(Beginning of WORKING DATA)
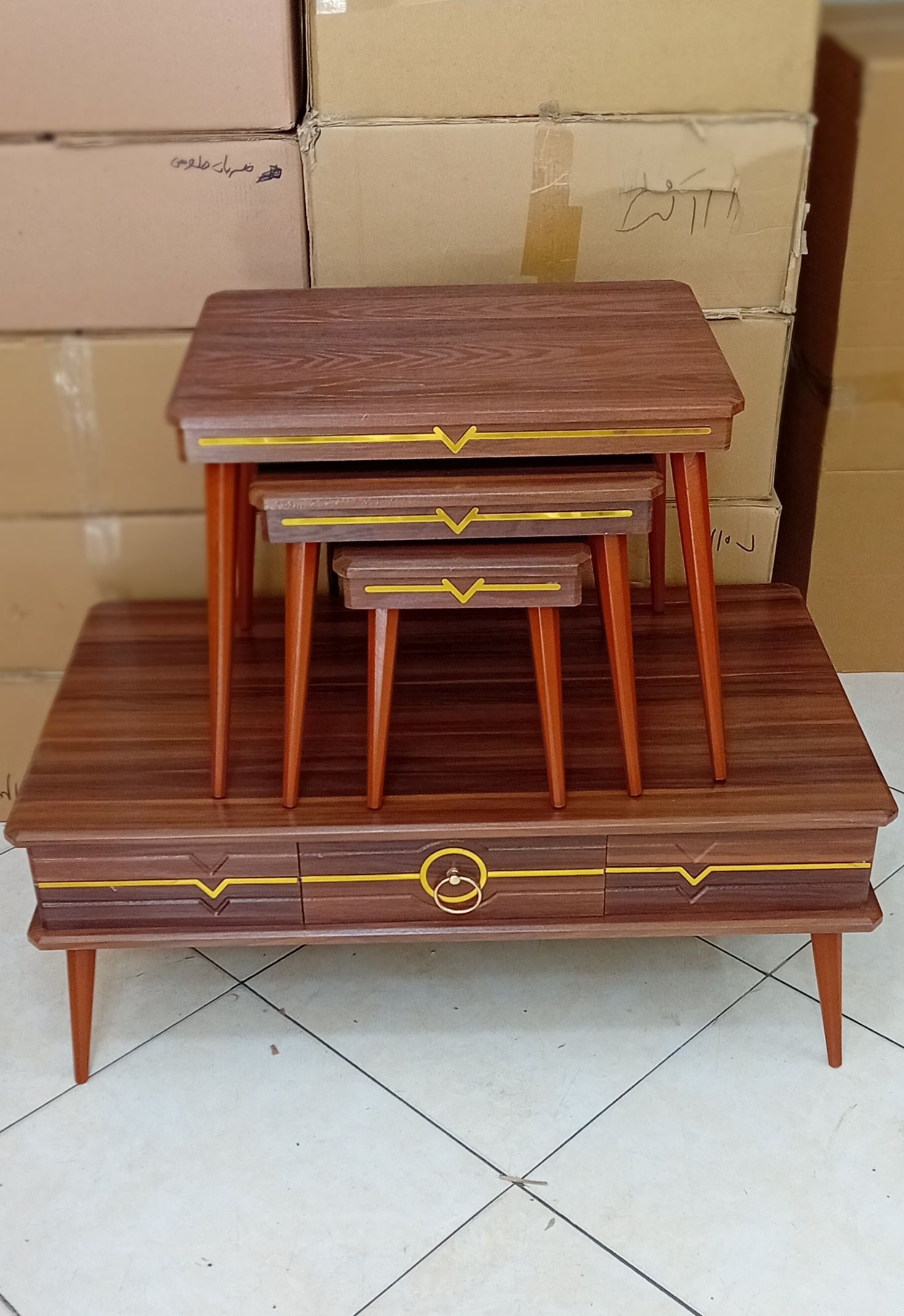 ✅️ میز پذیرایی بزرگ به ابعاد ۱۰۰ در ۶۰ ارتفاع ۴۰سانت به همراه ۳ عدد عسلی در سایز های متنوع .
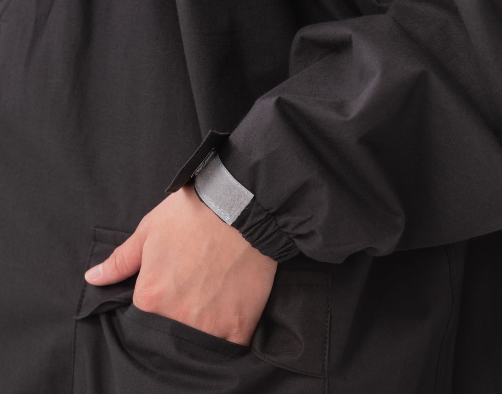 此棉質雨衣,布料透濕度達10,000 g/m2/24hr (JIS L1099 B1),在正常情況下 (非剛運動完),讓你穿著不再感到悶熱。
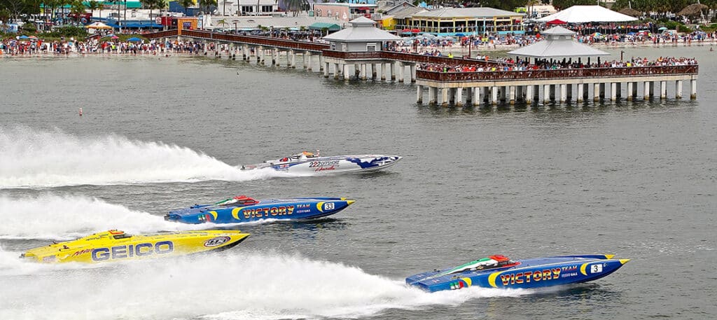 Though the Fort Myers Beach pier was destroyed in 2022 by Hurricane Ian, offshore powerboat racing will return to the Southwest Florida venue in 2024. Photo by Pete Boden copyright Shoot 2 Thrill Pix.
(End of WORKING DATA)
(Beginning of WORKING DATA)
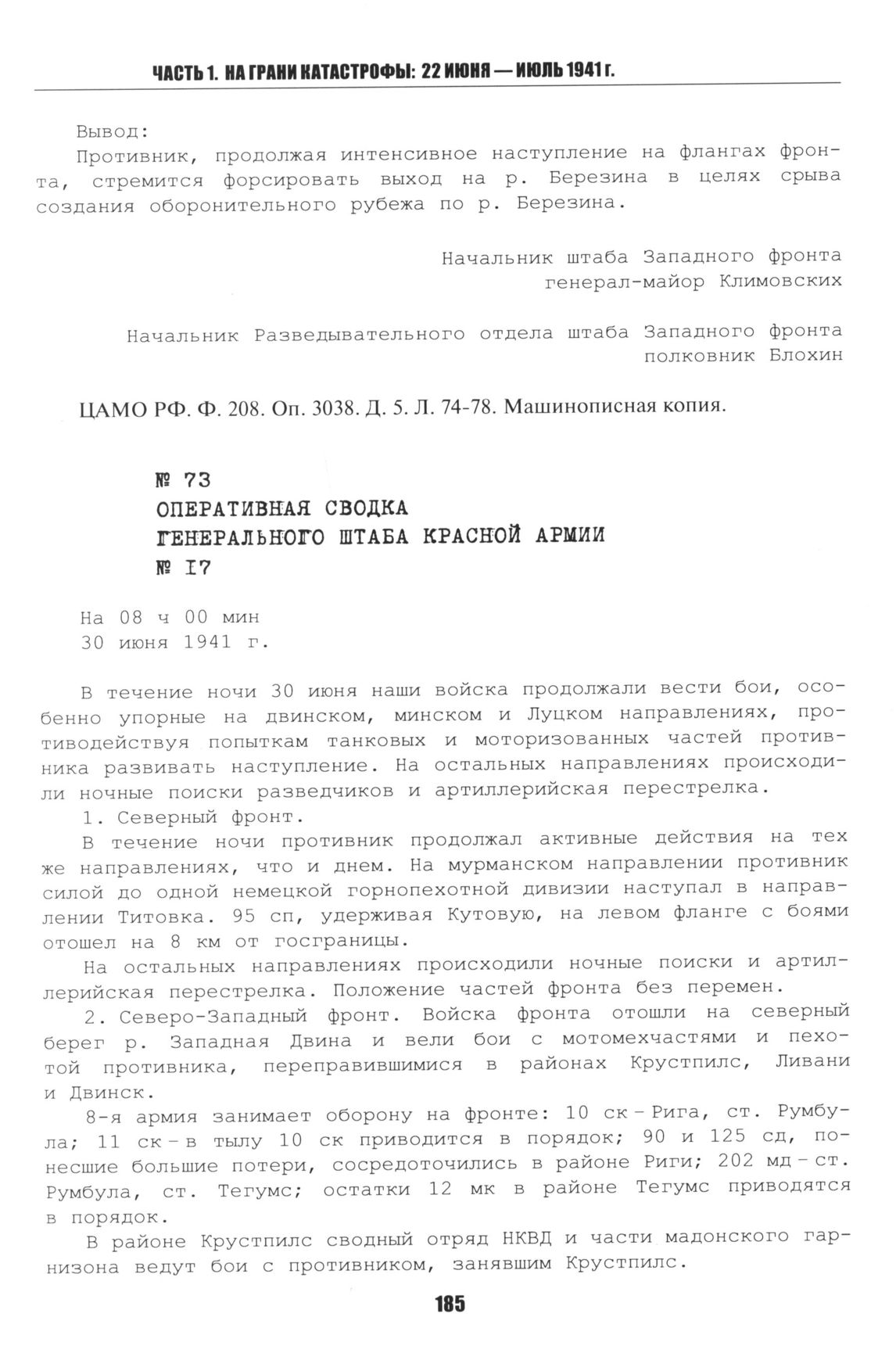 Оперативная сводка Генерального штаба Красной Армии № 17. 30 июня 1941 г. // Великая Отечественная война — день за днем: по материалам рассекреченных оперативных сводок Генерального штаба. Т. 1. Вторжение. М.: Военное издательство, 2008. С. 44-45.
(End of WORKING DATA)
▶ REQUIRED ACTION:
Above are the records. Copy word for word only their lines from the one holding "此棉質雨衣,布料透濕度達10,000 g/m2/24hr (JIS" through the one holding "Though the Fort", both included, and skip the images.

▶ SOLUTION FOR THIS EXERCISE:
 此棉質雨衣,布料透濕度達10,000 g/m2/24hr (JIS L1099 B1),在正常情況下 (非剛運動完),讓你穿著不再感到悶熱。
 Though the Fort Myers Beach pier was destroyed in 2022 by Hurricane Ian, offshore powerboat racing will return to the Southwest Florida venue in 2024. Photo by Pete Boden copyright Shoot 2 Thrill Pix.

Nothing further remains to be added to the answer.